In an anonymous spreadsheet listing accounts of sexual misconduct in academia, UT appears multiple times.

The spreadsheet “Sexual Harassment In the Academy: A Crowdsource Survey,” first reported on by The Wall Street Journal in January, is completely anonymous and unverified but has garnered attention because of the widespread accounts of misconduct. The University said it is reviewing the allegations.

“The source of this information is unknown,” University communications strategist Shilpa Bakre said in an email. “However, the University takes all complaints of discrimination/harassment seriously. The Office of Inclusion and Equity is therefore reviewing the allegations.”

The spreadsheet mimics the “Shitty Men in Media” list, which along with news investigations of film producer Harvey Weinstein, forced the media to begin confronting issues of sexual misconduct last October. These revelations sparked the Me Too movement, which has spread to multiple industries, including universities.

The University is limited in its ability to investigate the anonymous claims because they are unofficially reported and some are decades old, Bakre said. More credible concerns about inappropriate employee behavior and sexual misconduct at UT have arisen due to recent investigations from the Austin American-Statesman. However, the University has been working to prevent sexual misconduct by expanding employee training since last spring, Bakre said.
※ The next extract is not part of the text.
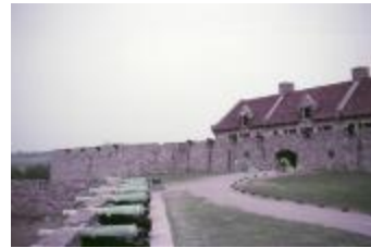
Views of Fort Ticonderoga in Ticonderoga, New York. July 14, 1938 (NYSA_A0245-77_Essex_B03_83)
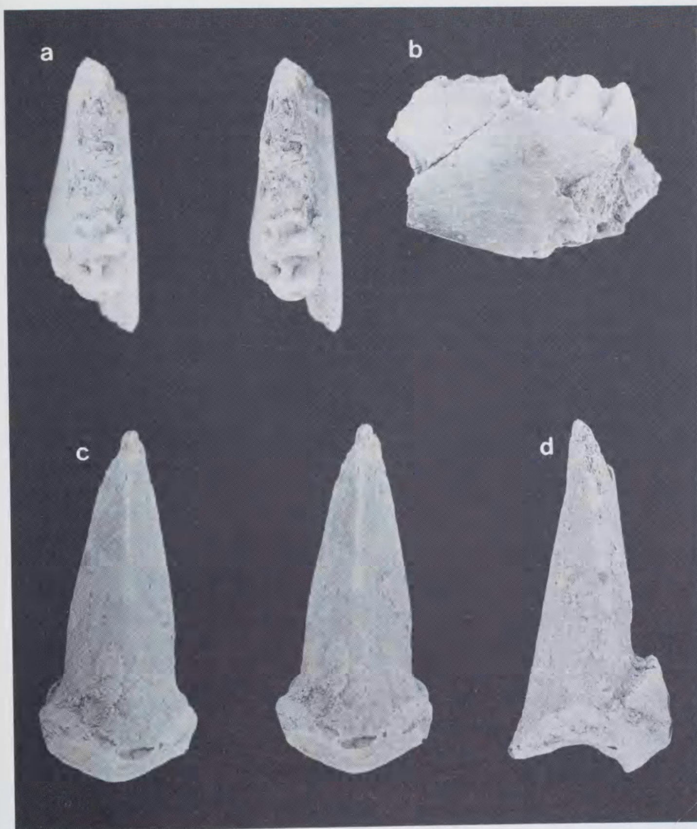
Figure 2 Stereopair of occlusal view (a) and buccal view (b) of left dentary of Macropus pan , WAM 61.7.9; and stereopair of dorsal view (c) and lateral view (d) of ungual of fourth toe assigned to M. pan , WAM 68.10.84; x 1.

After UT System’s 2017 Cultivating Learning and Safe Environments report revealed the prevalence of sexual misconduct at UT in March, the University decided to hire an education coordinator to develop comprehensive faculty and staff training on its policies against sexual misconduct and gender discrimination. Texas’ labor code requires state agencies, such as UT, to offer employees courses defining harassment, assault, stalking and interpersonal violence as employee misconduct. The courses must be taken within 30 days of employment.

In addition to these course modules, Bakre said the University has always offered in-person training for faculty and staff. But with the education coordinator, the University is working to expand in-person training on “prevention, culture of respect, and personal accountability,” Bakre said.

Through the expanded in-person training, the University hopes to better communicate ethics focusing on behavioral and cultural change. The University does not currently have a campus-wide requirement for the in-person trainings. Instead, departments can request or require the trainings for their employees.

In the 2016–2017 academic year, the Title IX office provided in-person training to 843 employees. In January, the education coordinator provided 528 employees with training. However, the University employs more than 11,000 personnel, 3,385 faculty members and over 10,000 student employees, according to 2017 UT System and UT data. 

Elizabeth Matlock, senior human resource coordinator for UT’s Harry Ransom Center, said she recently worked with the education coordinator to provide all of the Ransom Center’s staff in-person trainings. Unlike the required state modules, Matlock said the in-person training encouraged staff members to ask questions.

“We talked through several scenarios in small groups and were able to share perspectives and ask questions unique to our institution,” Matlock said in an email.

Government and Plan II senior Austin Smith took a similar in-person training as a resident assistant and said he hopes more University departments will offer in-person training to employees in order to combat sexual misconduct.

“I think that one solution is making sure that authorities on campus are aware of the nuances of (sexual misconduct),” Smith said.

Editor's Note: This story has been edited to clarify that in-person training was provided to 843 employees in the 2016-2017 academic year. A previous version stated that 843 in-person trainings were given in the 2016-2017 academic year. The Daily Texan regrets this error.